The disadvantages of this are:
1 - the insurnace market operates in a 5 to 10 year cycle. When insurance is cheap it is called the "soft" market and this occurs when insurnace companies are keen to get business. When it is expensive this is called the "hard" market and this occurs when the new entries to the market have some big losses and decided they don't want ot play any more. In some soft times insurance can cost less than it should even those who self insure might be better off buying underpriced cover in the open market.
2 - insurnace companies employ people like me who go round and tell you to install fire detection or move the bins away, this reduces their losses. If those who self insure don't manage their risks well, they might have more losses than they can afford.
All local authorities used to self insure in a big pot. It was called Municipal Mutual. It went bust becase no matter hw much they put the premiums up by the losses kept growing. Partly due to bad risk management, partly cos they paid out on every claim, even those that were not covered by the policy.

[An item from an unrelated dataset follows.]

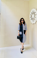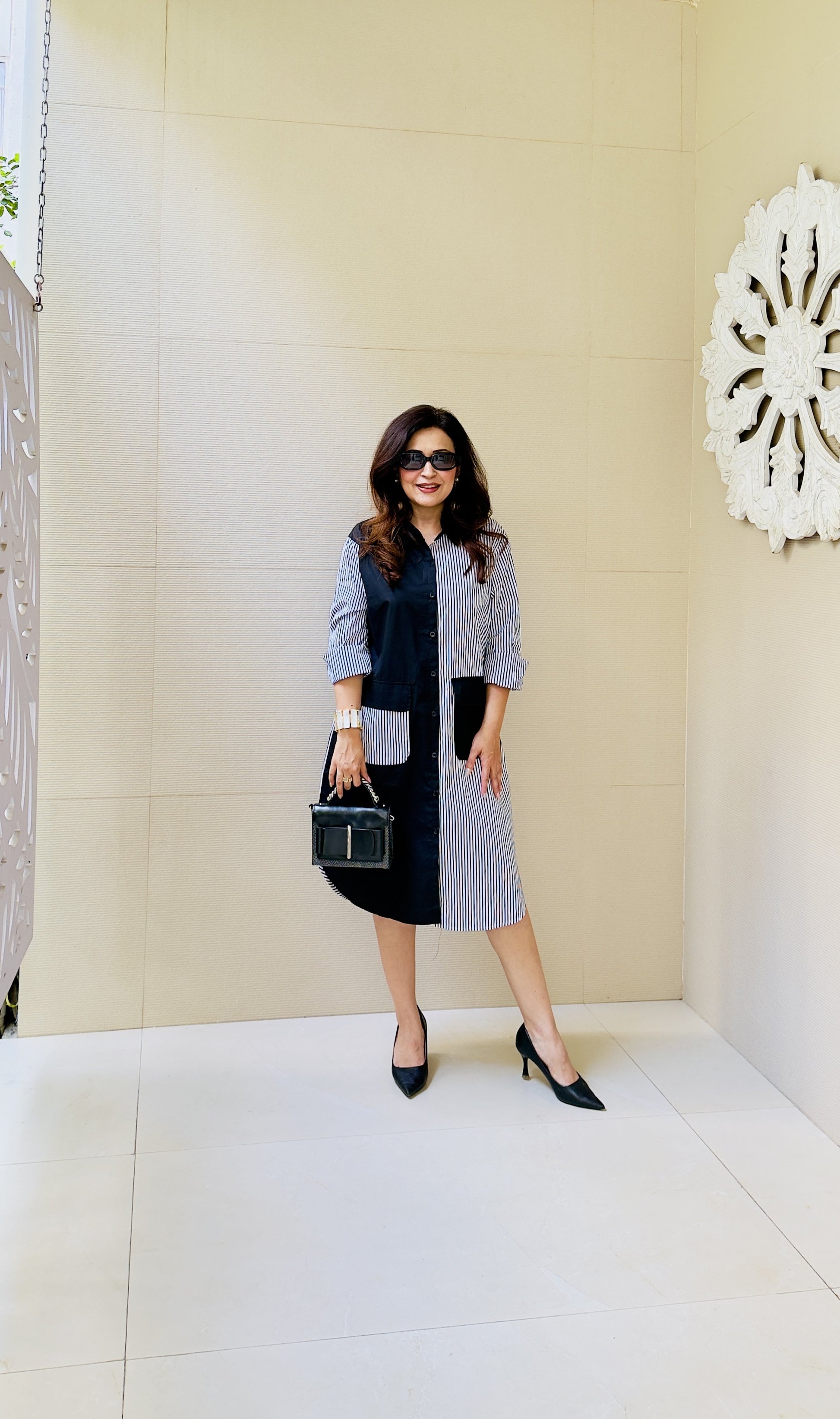 Step into effortless sophistication with this chic monochrome shirt dress, designed for the modern woman who loves timeless style with a contemporary twist. Featuring a striking contrast of solid black and classic stripes, this dress creates a bold yet balanced look that instantly elevates your wardrobe.

Zurich Municipal took over Municipal Mutual about 13 years ago I think and kept many of the staff, which is why they tend to understand local authorities pretty well and still are the main player in a market that many insurers are still scared off due to the school fire problem.
So in summary, good risk management is the key to insurance.
In recent times some local authorities, Hampshire I think self insure. As does the NHS. It is also common for massive UK companies. Self insurers (captives) tend to be run from tax haven such as Bermuda.